Distribution of coronary arteries affected in patients with CAD.
| % (95% CI) | |
|---|---|
| LCA | 18.52 (12.32-26.88) |
| LAD and its branches | 91.67 (84.92-95.55) |
| Cx and its branches | 57.41 (47.99-66.32) |
| Right main coronary artery | 56.48 (47.07-65.45) |
| PDA and its branches | 6.48 (3.178-12.78) |
CAD: Coronary artery disease, LCA: Left main coronary artery, LAD: Left anterior descending, Cx: Circumflex, PDA: Posterior descending artery
The Mean±SD of Ln(pNN10), Ln(pNN20), LnLF, and LnHF was significantly higher in subjects with normal angiography compared with CAD patients, Table 3. However, these statistically significant differences disappeared when the comparison was adjusted for age, gender, BMI, and HR of the studied groups, Table 3.
Table 3.
Comparison of HRV measurements between the studied groups.
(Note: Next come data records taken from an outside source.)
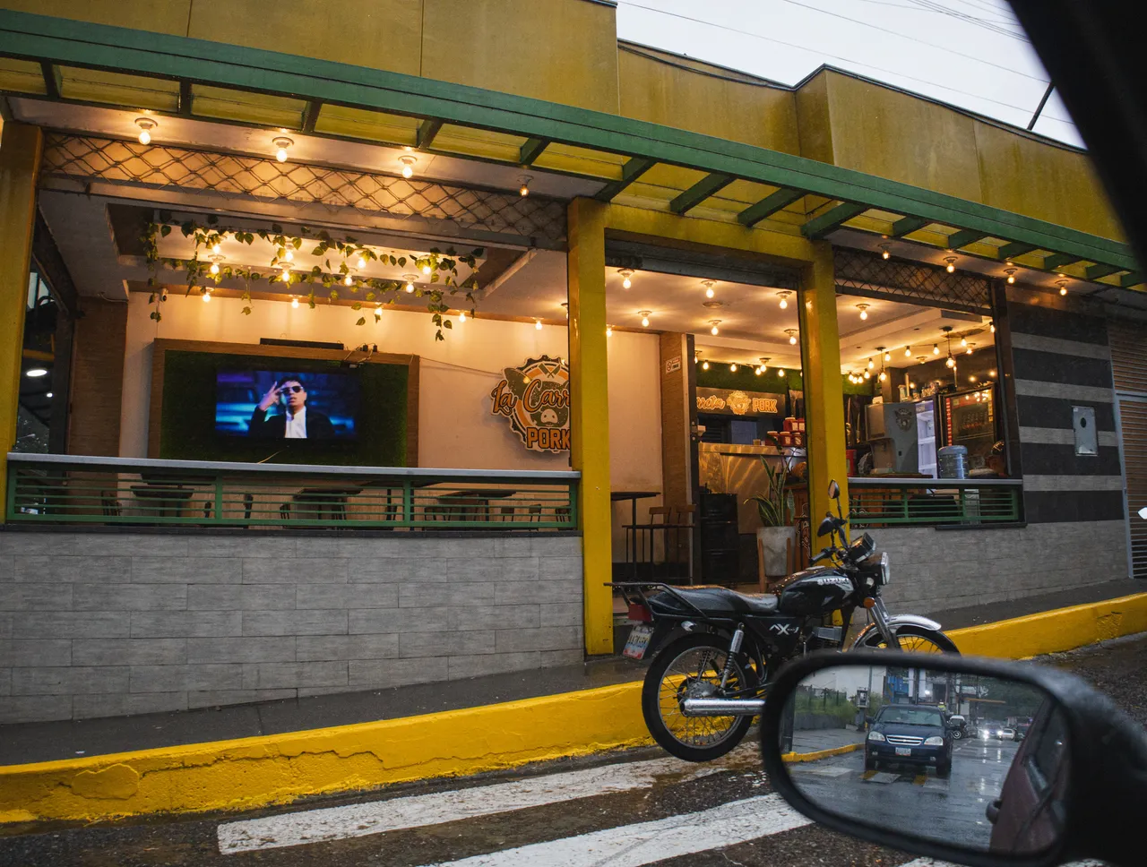 Then, when I sat down to edit it, I really liked seeing the contrast between the yellow of the store lights and the blue/gray that can be seen in the car's rearview mirror, as if it were two different worlds.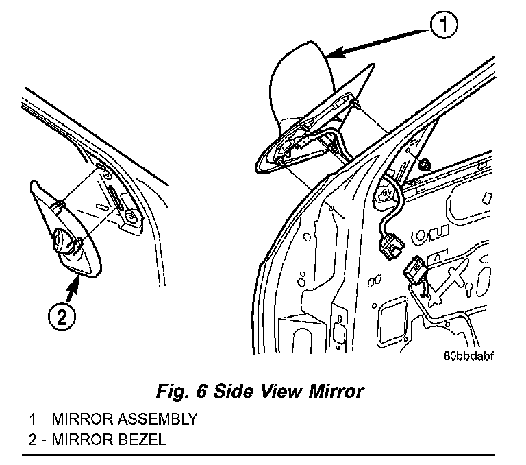 2. Remove nuts attaching mirror to door inner panel (Fig. 6).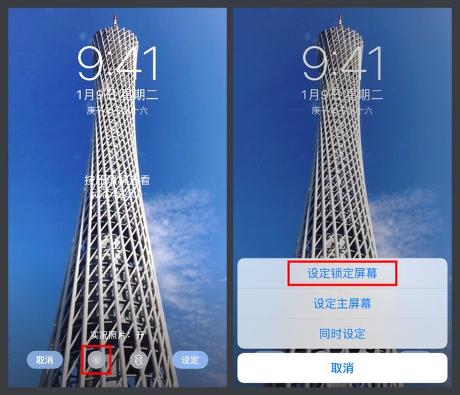 保存实况照片后,开启实况照片,将实况照片设置为锁屏壁纸,在锁屏状态或下拉顶部通知栏的状态下,长按屏幕,就可以看到实况照片动起来了。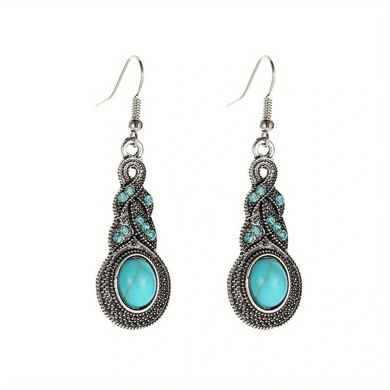 Turquoise Drop Earrings Set with Rhinestone Inlay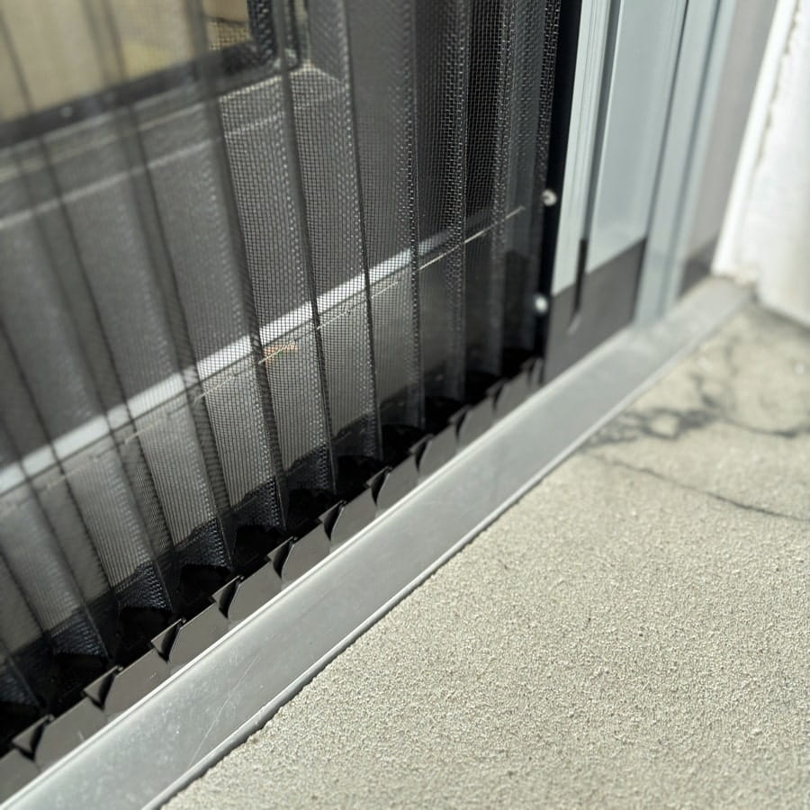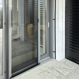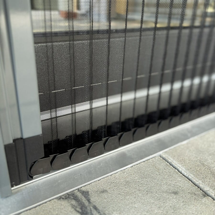 Plisowana siatka po złożeniu całkowicie chowa się w profilu aluminiowym. Tym samym zajmuje niewielką ilość miejsca po jej zsunięciu.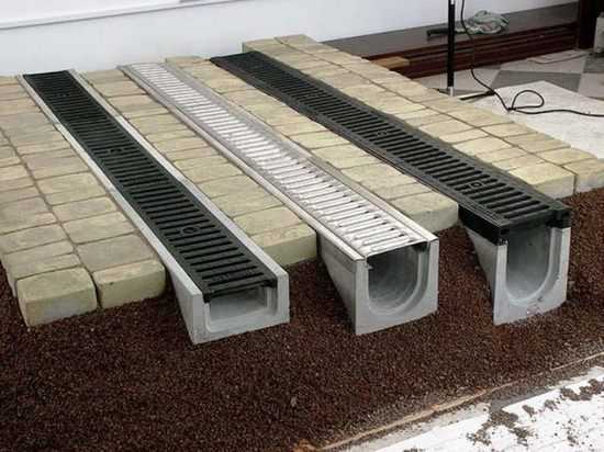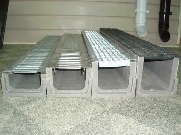 Если участок находится в проблемной зоне, например, неровная поверхность, то необходимо устанавливать специальные бетонные лотки. Такие сооружения предотвращают образование водных застоев. Конструкция из бетонных желобов и каналов направляет стоки в общую канализацию.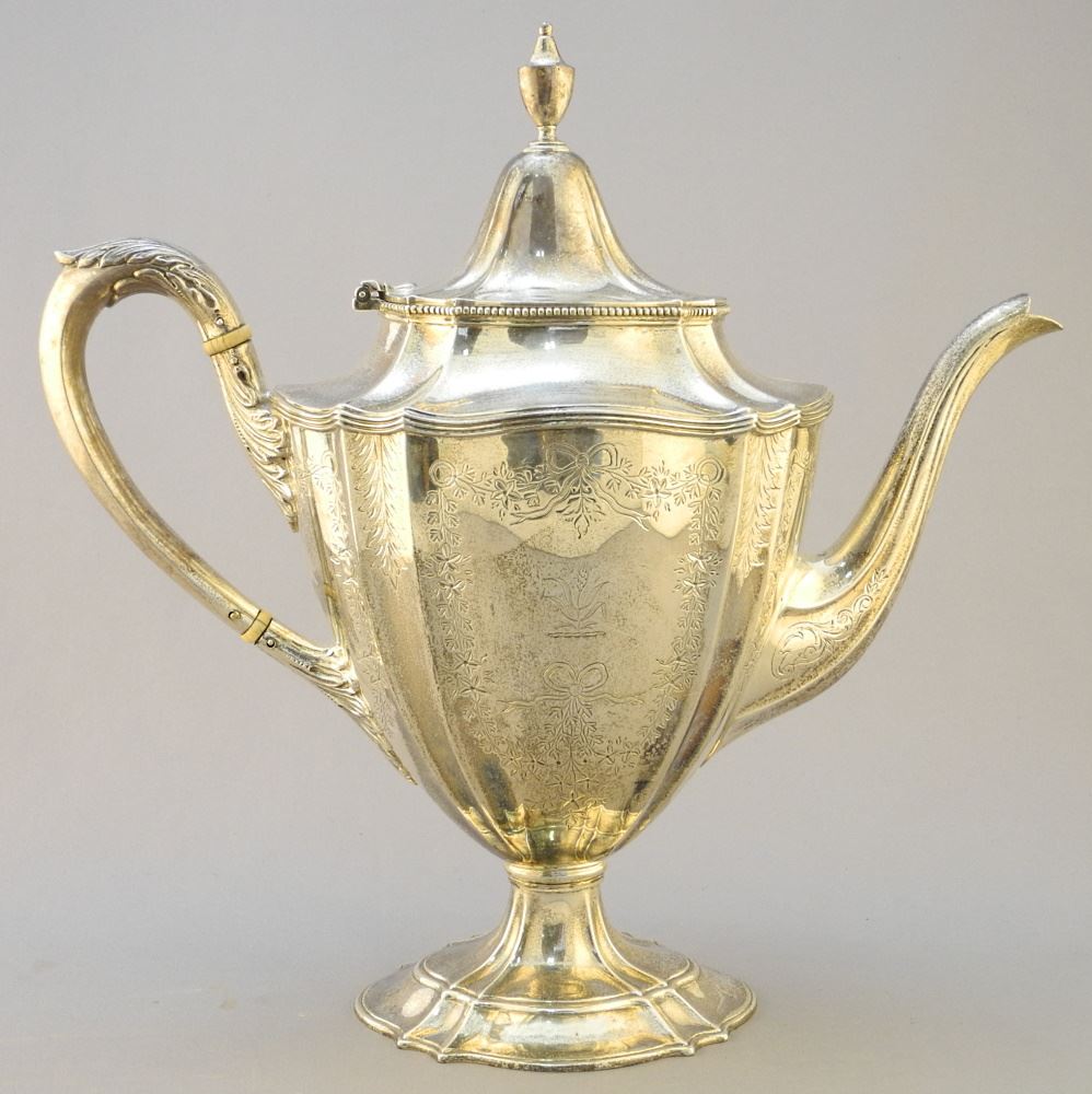 LOT 2 Early Birks Sterling Silver Coffee Pot, 10" Height, 783 Grams, No Export Estimate: $500 - $700 Sold For: $460 Auction Date: Tuesday, July 19 2022 at 6:00 PM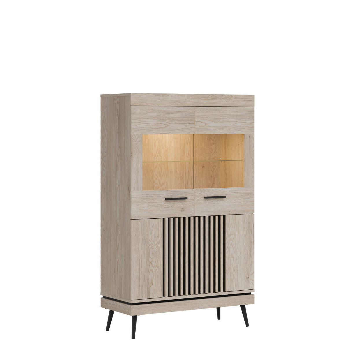 Žema vitrina MI06 yra elegantiškas ir funkcionalus baldas, kuris papildo bet kokį interjerą, suteikdamas jam stiliaus ir klasės. Dėl kompaktiško dizaino ji idealiai tinka laikyti įvairius daiktus, tokius kaip knygos, dekoracijos, elektronika ir namų aksesuarai, neužimant erdvės. Įrengta įvairių lentynų, stalčių ir durelėmis, ji leidžia praktiškai valdyti erdvę ir lengvai pasiekti laikomus daiktus. Papildomas privalumas yra foninio apšvietimo galimybė, o stiklinės durelėmis ji suteikia interjerui elegancijos ir modernumo, tapdama ne tik praktišku, bet ir dekoratyviniu elementu.
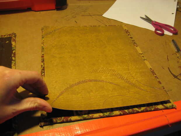 Mida y corte el interior los papeles, luego pegamento abajo. He dejado un poco de un borde del plegado sobre tela que muestra. He utilizado unos papeles bien desde artesanías de Micheal. La man(tm) les escogió para mí, y él tiene muy buen gusto, por lo que salió de gran.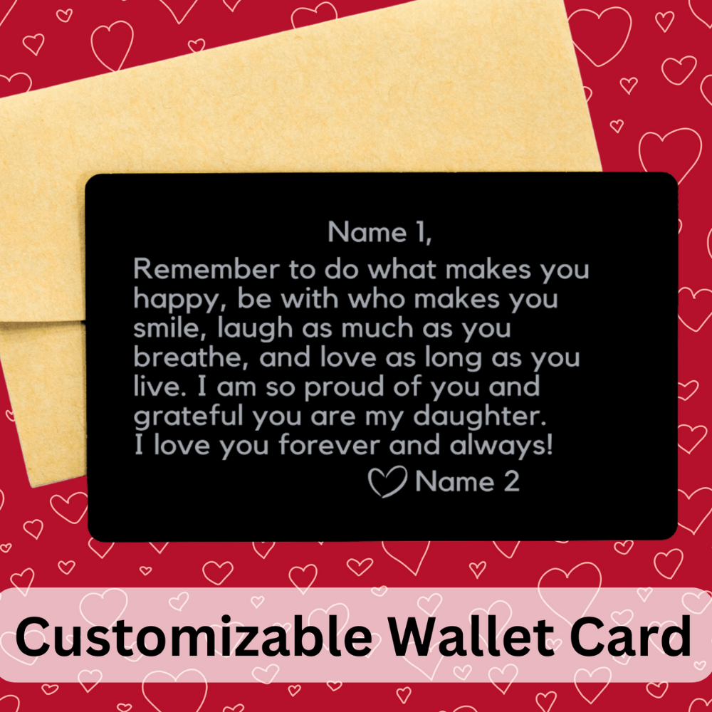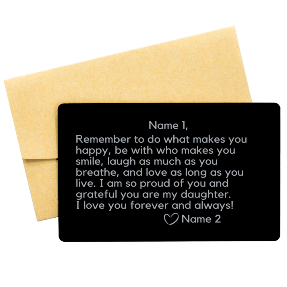 Whether it's a birthday, graduation, or any occasion that calls for a heartfelt gesture, our Engraved Wallet Insert Card for her is an exceptional choice. Express your love, admiration, and pride with this beautiful, personalized memento that will accompany her on her journey for years to come.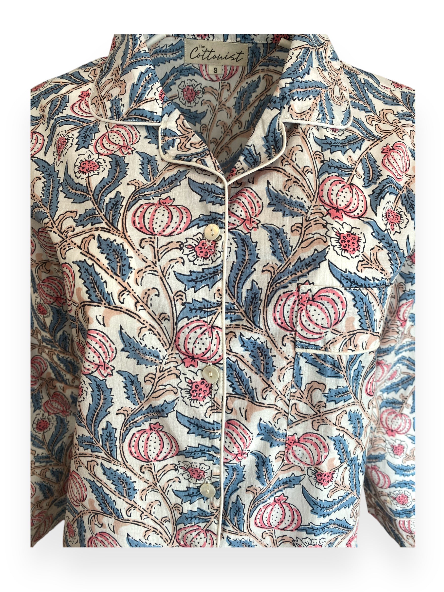Our classic ‘The Cottonist’ pyjama set is made from the softest Indian cotton by using the traditional art of hand block printing making every piece unique in it’s appearance.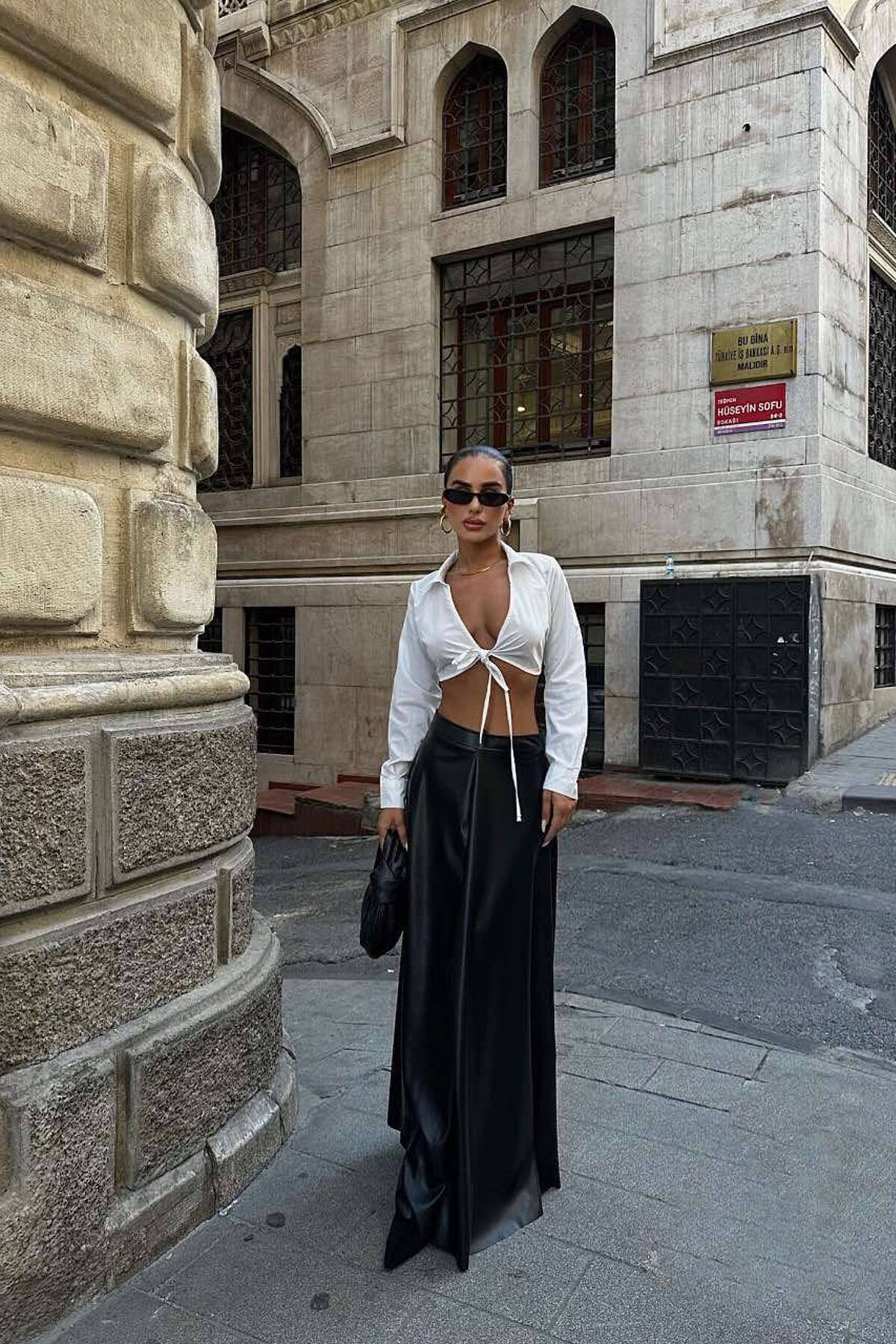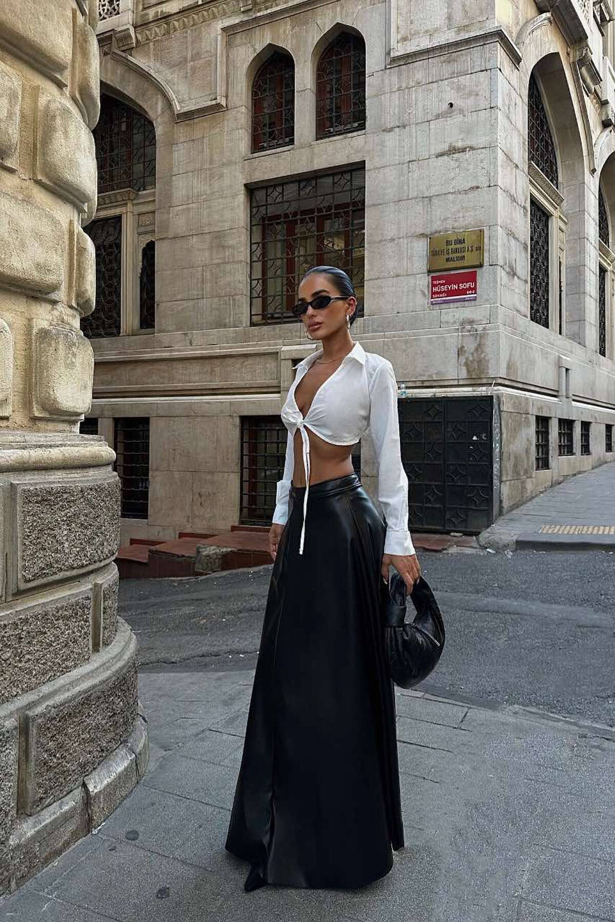 Who would resist a skirt like this? Class and elegance merge together in her long piece of leather resulting in a super special and beautiful outfit.

| Subjects with normal angiography n=42 Mean±SD | Patients with abnormal angiography n=108 Mean±SD | P value | ||
|---|---|---|---|---|
| Non-adjusted | Adjusted* | |||
| LnSDNN | 4.36±0.58 | 4.30±0.83 | 0.663 | 0.378 |
| LnRMSSD | 4.58±0.72 | 4.49±0.97 | 0.564 | 0.302 |
| Ln(pNN10) | 3.91±0.70 | 3.53±0.94 | 0.016 | 0.432 |
| Ln(pNN20) | 3.24±1.12 | 2.72±1.34 | 0.019 | 0.507 |
| Ln(pNN30) | 2.64±1.39 | 2.33±1.35 | 0.242 | 0.284 |
| Ln(pNN40) | 2.23±1.45 | 2.00±1.35 | 0.409 | 0.551 |
| Ln(pNN50) | 1.91±1.42 | 1.71±1.35 | 0.465 | 0.868 |
| Ln(pNN60) | 1.64±1.38 | 1.53±1.32 | 0.678 | 0.977 |
| Ln(pNN70) | 1.42±1.37 | 1.48±1.28 | 0.823 | 0.487 |
| LnTP | 6.39±0.92 | 6.04±1.17 | 0.057 | 0.481 |
| LnVLF | 5.65±0.90 | 5.33±1.18 | 0.114 | 0.391 |
| LnLF | 4.81±1.07 | 4.31±1.41 | 0.019 | 0.428 |
| LnHF | 4.68±1.25 | 4.18±1.46 | 0.041 | 0.593 |
| LF Norm | 50.05±18.35 | 48.78±20.15 | 0.712 | 0.629 |
| HF Norm | 43.55±16.74 | 42.23±17.16 | 0.668 | 0.853 |
| Ln(LF/HF) | 0.13±0.83 | 0.12±0.98 | 0.928 | 0.778 |
Adjusted for age, gender, BMI, and HR. HRV: Heart rate variability, BMI: Body mass index, HR: Heart rate
Using receiver operating characteristic (ROC) curve analysis, none of the HRV measurement achieved area under the curve (AUC) of more than 67 when used to predict ECA outcome, Figure 1, and Table 4.
Figure 1.
Comparison between receiver operating characteristic curves of heart rate variability measurement when used to predict elective coronary angiography outcome.
Table 4.
Comparison between AUC of HRV measurements when used to predict ECA outcome.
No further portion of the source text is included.